If everything went correctly, the model trained significantly faster and obtained a higher accuracy, awesome! 

## Convolutional sequence model

We can also fit only a convolutional model to the sequence. We get the following architecture:

1. Embedding layer
2. Dropout layer
3. Convolutional layer (Relu)
4. Max Pooling Layer
5. Flatten Layer
6. Fully Connected layer (Sigmoid)

In [9]:
### IMPLEMENT CONVOLUTIONAL SEQUENCE MODEL
hidden_size = 128
output_size = 1
dropout_ratio = 0.2
nr_filters = 64
filter_size = 5
pool_size = 4

model = Sequential()
model.add(Embedding(max_features, hidden_size, input_length=maxlen))
model.add(Dropout(dropout_ratio))
model.add(Conv1D(nr_filters, filter_size, activation='relu'))
model.add(MaxPooling1D(pool_size=pool_size))
model.add(Flatten())
model.add(Dense(1, activation='sigmoid'))
model.compile(loss='binary_crossentropy', optimizer='adam', metrics=['accuracy'])

print(model.summary())
model.fit(X_train, y_train, batch_size=batch_size, 
          epochs=1, validation_data=(X_test, y_test))

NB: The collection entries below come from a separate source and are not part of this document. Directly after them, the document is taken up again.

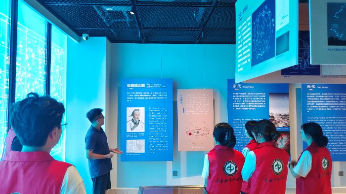 在專業(yè)講解員的帶領下,實踐團參觀了天文臺的各個功能區(qū)。講解員介紹“‘茶觀天象’金井天文臺,擁有省內最大的光學天文望遠鏡,這是目前中南五省對公眾開放的最大的天文望遠鏡,最遠可以觀測到86億光年左右的類星體。”金井天文臺門口擺放著一套橙黃色的服裝,據(jù)了解到這是前蘇聯(lián)第一次登上月球的宇航服款式,是中國早期探索高層空間時保護飛行員安全的裝備。此外,金井天文臺擁有湖南省最全面的隕石收藏,共15塊隕石。在工作人員的帶領下,實踐團成員還使用望遠鏡親自體驗了近距離觀測星系。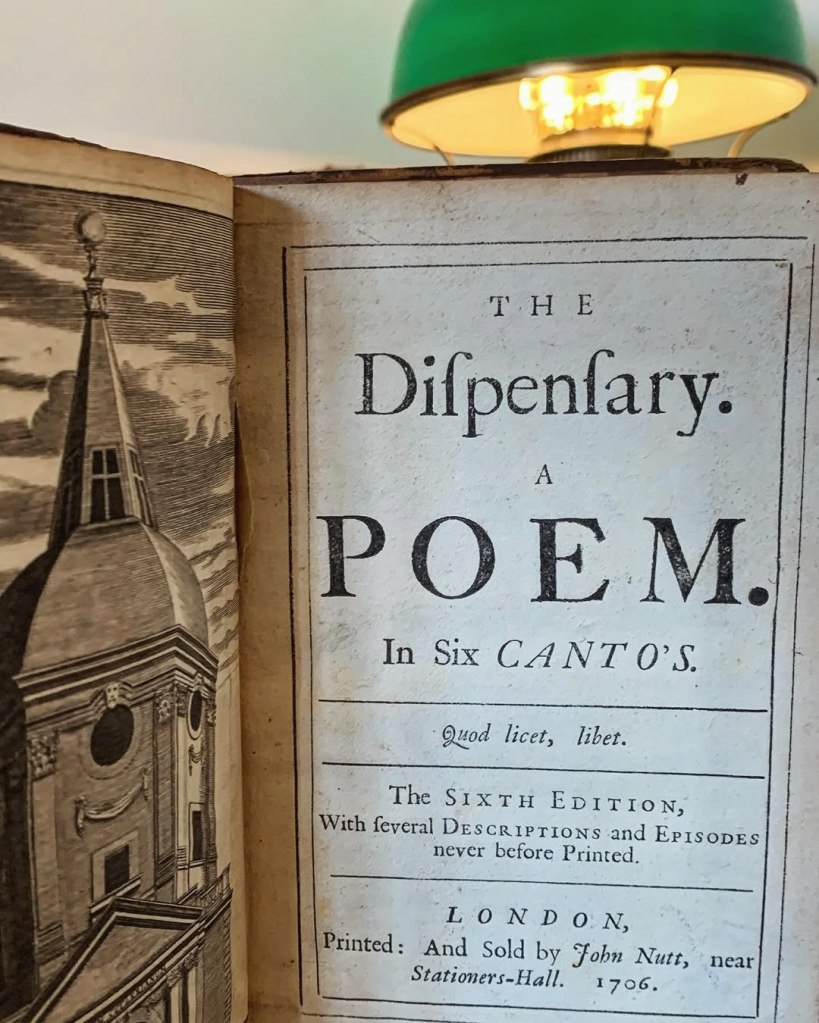 The Dispensary de Samuel Garth est une parodie satirique du traditionnel poème épique et constitue peut-être un des meilleurs exemples de poésie médicale. Garth s’intéressait autant à la littérature qu’à la médecine. Il composa plusieurs poèmes dédiés à divers membres de la noblesse anglaise et traduisit les Métamorphoses d’Ovide. Son œuvre la plus célèbre n’en demeure pas moins The Dispensary. Si elle est satirique par le ton, elle traite d’une des affaires médicales les plus débattues de la fin du XVIIe siècle à Londres : celle du dispensaire de Londres.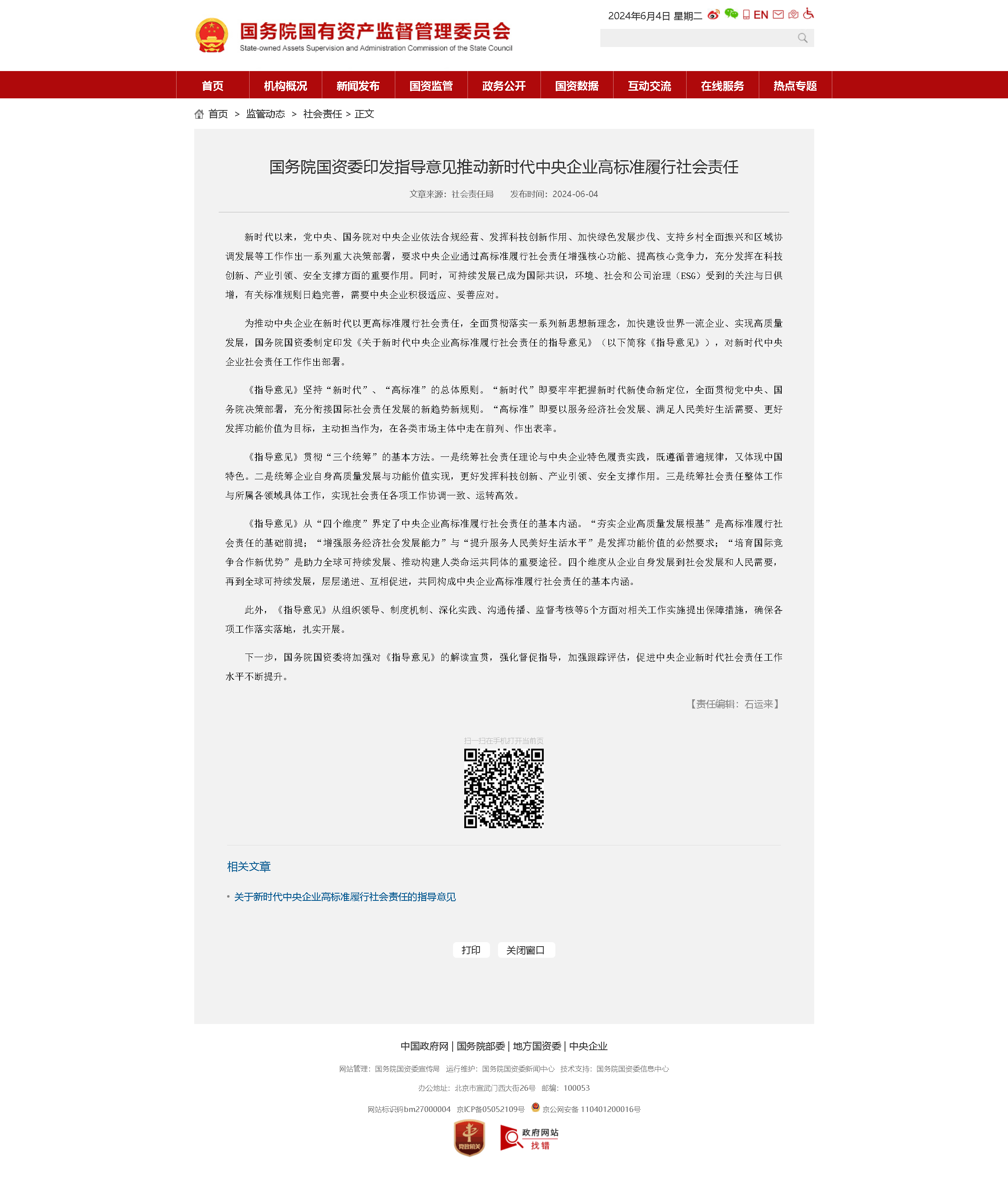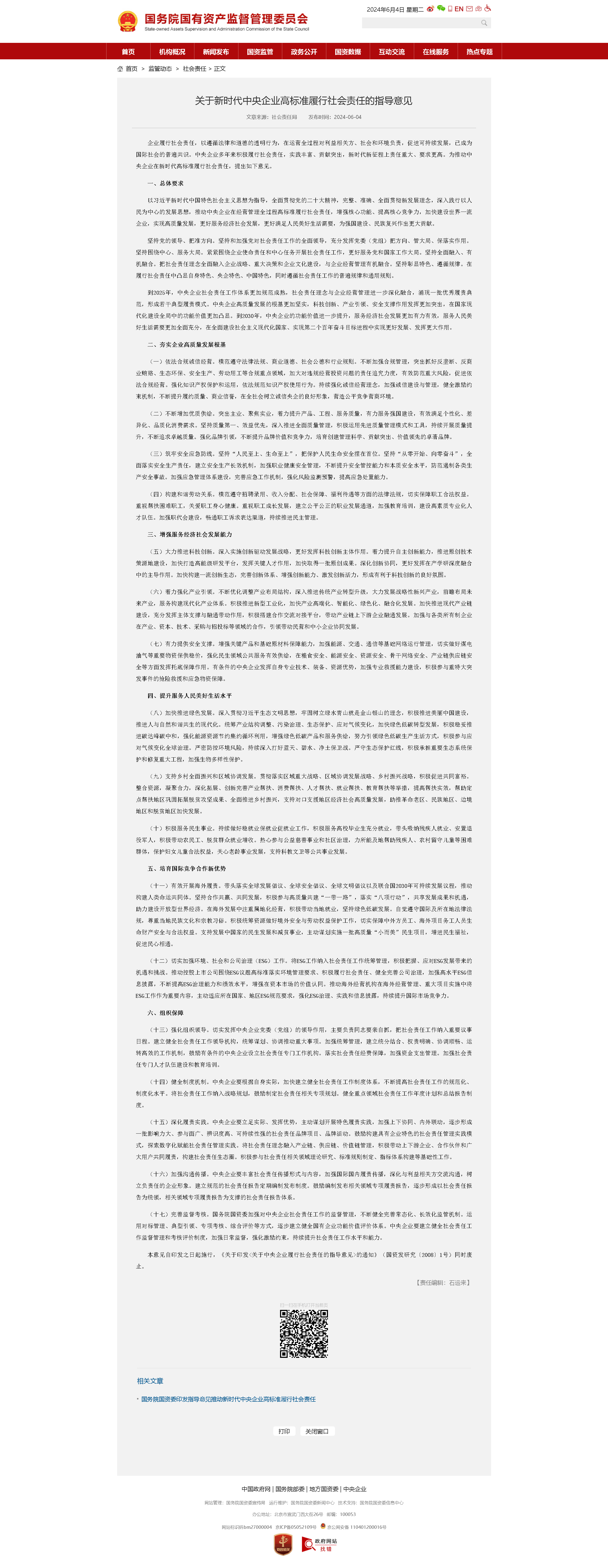 (十七)完善監(jiān)督考核。國務(wù)院國資委加強對中央企業(yè)社會責任工作的監(jiān)督管理,不斷健全完善常態(tài)化、長效化監(jiān)管機制。運用對標管理、典型引領(lǐng)、專項考核、綜合評價等方式,逐步建立健全國有企業(yè)功能價值評價體系。中央企業(yè)要建立健全社會責任工作監(jiān)督管理和考核評價制度,加強日常監(jiān)督,強化激勵約束,持續(xù)提升社會責任工作水平和能力。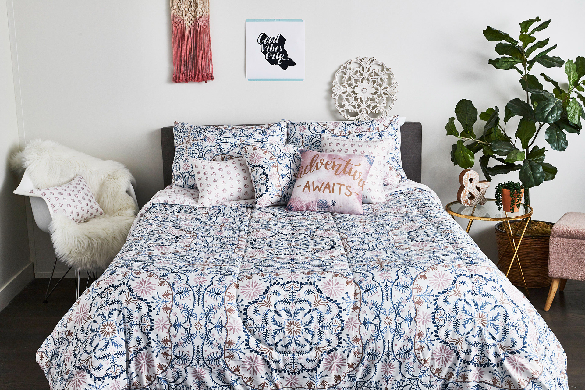 Lifestyle shots of a few of my home product designs. Including a combination of tabletop and bedding. Design work includes specification, graphic design, and surface treatment.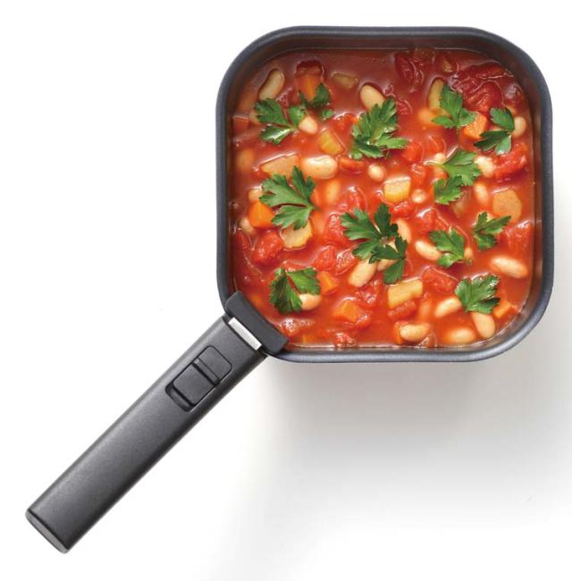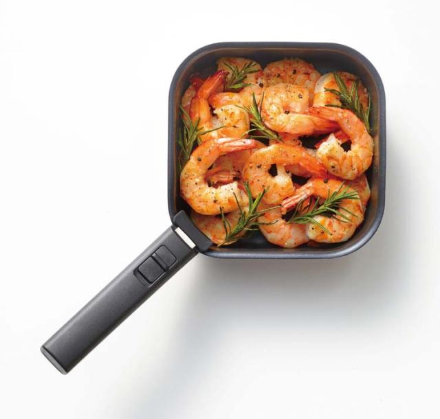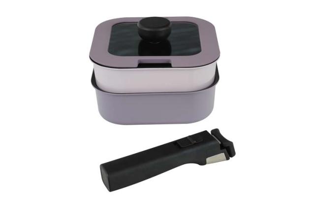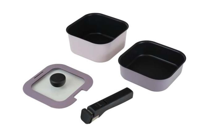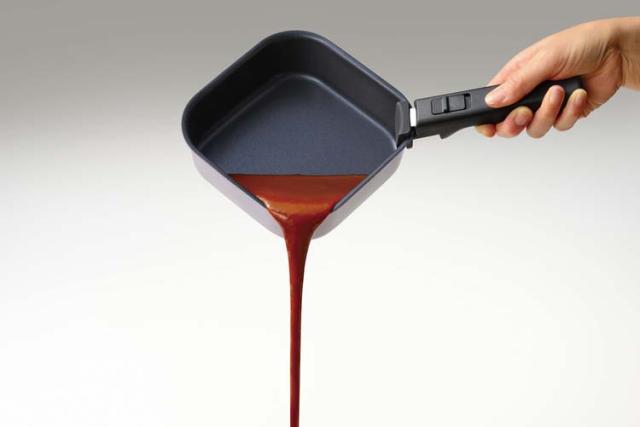 ●調理も収納もコンパクトにできるハンドルが取れる四角いおなべ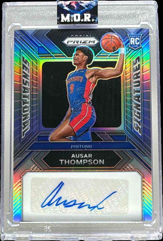 The Ausar Thompson 2023 Prizm #SS-AT Sensational Signatures - Silver Rookie card is 1 of 117 Ausar Thompson's card variations in the 2023 Prizm set being tracked by Sports Card Investor, including #178 Base, #178b Base, #178 Blue Wave, #178 Choice Blue Yellow Green, and #178 Fast Break.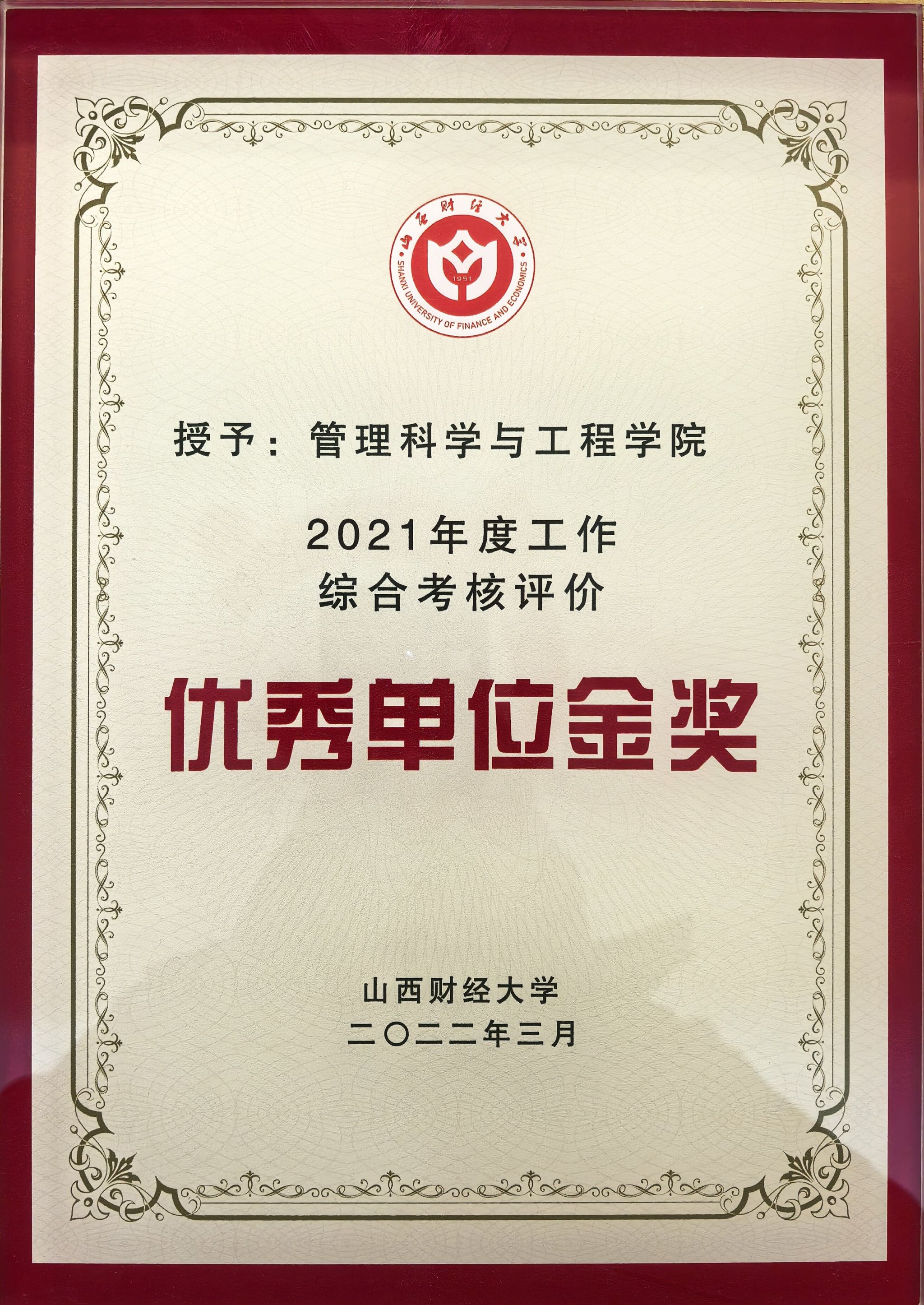 2021年我院获必威西汉姆联工作综合考核评价优秀单位金奖。

loss, acc = model.evaluate(X_test, y_test, batch_size=batch_size)
print("Test set loss is: %s" % loss)
print("Test set accuracy is: %s" % acc)

_________________________________________________________________
Layer (type)                 Output Shape              Param #   
embedding_4 (Embedding)      (None, 100, 128)          2560000   
_________________________________________________________________
dropout_4 (Dropout)          (None, 100, 128)          0         
_________________________________________________________________
conv1d_2 (Conv1D)            (None, 96, 64)            41024     
_________________________________________________________________
max_pooling1d_2 (MaxPooling1 (None, 24, 64)            0         
_________________________________________________________________
flatten_1 (Flatten)          (None, 1536)              0         
_________________________________________________________________
dense_4 (Dense)              (None, 1)                 1537      
Total params: 2,602,561
Trainable params: 2,602,561
Non-trainable params: 0
_________________________________________________________________


Removing the LSTM cell increases the training speed significantly again while preserving performance levels! What else is catching your attention here?